Substantial interests, both public and private, are in issue in zoning matters. On the one hand, whole neighborhoods are affected, often permanently, by changes of land use. On the other, owners of properties and those with whom they deal, are often substantially incommoded in consequence of the denial of their right, subject to zoning regulations, to use their own or have the use of others' lands.[4] By necessity, the proving ground of which interest, public or private, is to be accommodated is before the boards and commissions where the cases are first tried. Procedures established for the conduct of the hearing and disposition of such cases before the administrative and quasi-administrative agencies to whom they are committed are not, therefore, to be treated casually or lightly disregarded. Perhaps the most important of such procedures are those relating to the times for taking those steps necessary *410 to bring matters to a prompt decision at the municipal level. The instant Board's holding that it may waive its regulation limiting the time for appeal without evidence that the appellants did not know or did not have reason to know of the action appealed from or, as in this case, in the face of a record affirmatively demonstrating such knowledge, is a misconception and an error of law which requires the reversal of its order. Our holding comports, except for the time fixed for appeal, with Section 915 of the Pennsylvania Municipalities Planning Code,[5] providing: "No person shall be allowed to file any proceeding with the board later than thirty days after any application for development, preliminary or final, has been approved by an appropriate municipal officer, agency or body if such proceeding is designed to secure reversal or to limit the approval in any manner unless such person alleges and proves that he had no notice, knowledge, or reason to believe that such approval had been given. If such person has succeeded to his interest after such approval, he shall be bound by the knowledge of his predecessor in interest." (Emphasis supplied.)

Affirmed.

NOTES

[1] One of four members of the Board voting would have qualified the approval of the variance by forbidding food or beverage stores.

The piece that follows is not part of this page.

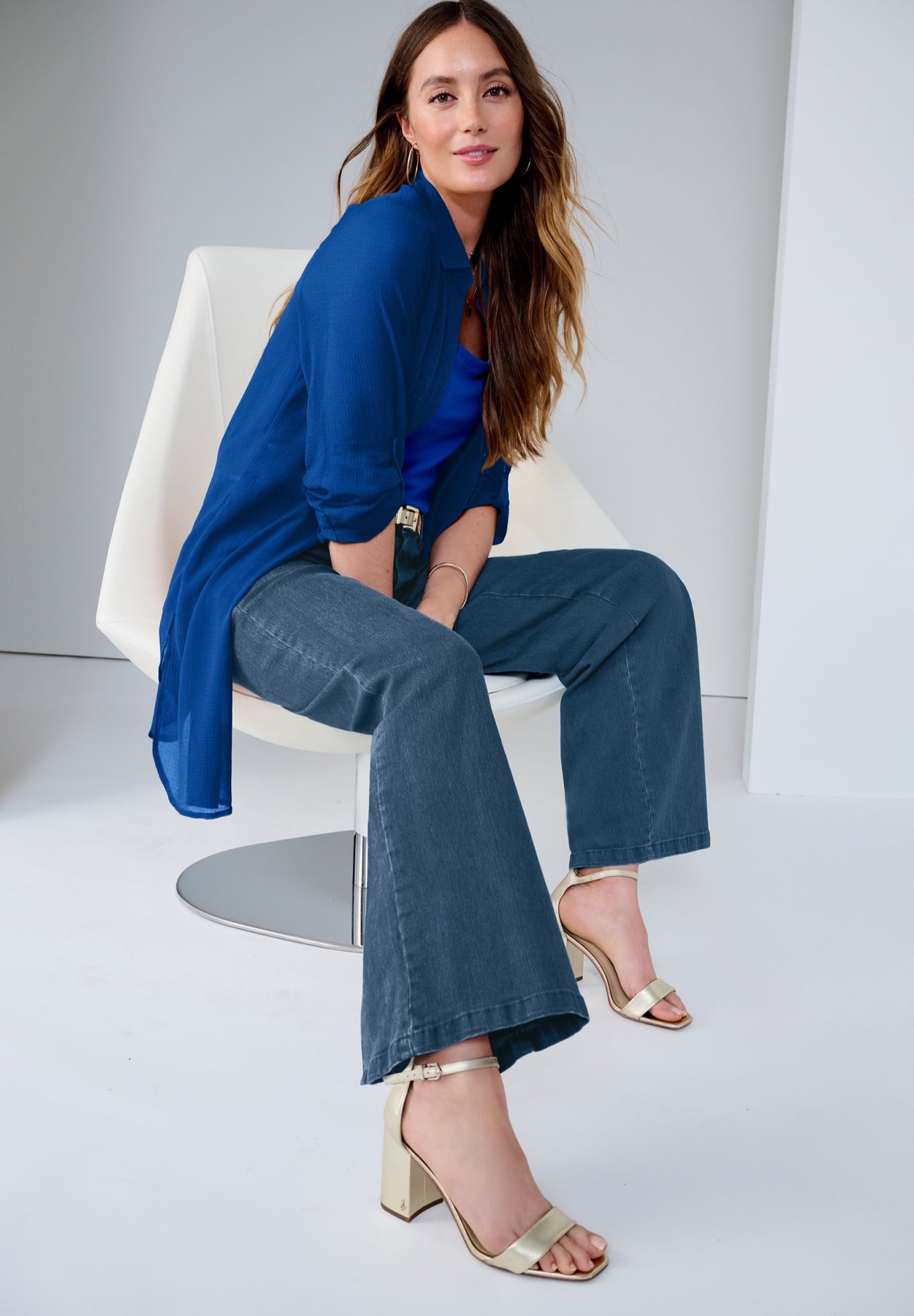 Round out your denim collection with the Jessica London plus size women's True Fit Wide Leg Jean. Wear it with our Wrinkle-Free Poplin Shirt for a casual look that feels perfectly polished.

[2] A representative of the Department of Licenses and Inspections testified that it was departmental practice where a variance for retail stores had been granted to issue permits for any use permitted in the C-2 zoning district. Restaurants and bar-restaurants are included among such uses.

[3] See School District of Philadelphia v. Zoning Board of Adjustment, 417 Pa. 277, 281, 207 A.2d 864 (1965).

[4] Recognition of the importance of the subject is found in the recent amendment of the Home Rule Charter and Optional Plans Law, Act of April 13, 1972, No. 63, 53 P.S. § 1-102 by the addition of municipal planning and zoning to the relatively few subjects upon which home rule charters may not act. Act of July 3, 1974, Act. No. 149, 53 P.S. § 1-302 (Purdon's 1974 Legislative Service No. 4, page 441).

[5] Act of July 31, 1968, P.L. 805, as amended, 53 P.S. § 10915. Of course, the Pennsylvania Municipalities Planning Code is not effective in Philadelphia. 53 P.S. § 10105 (Supp. 1974-1975).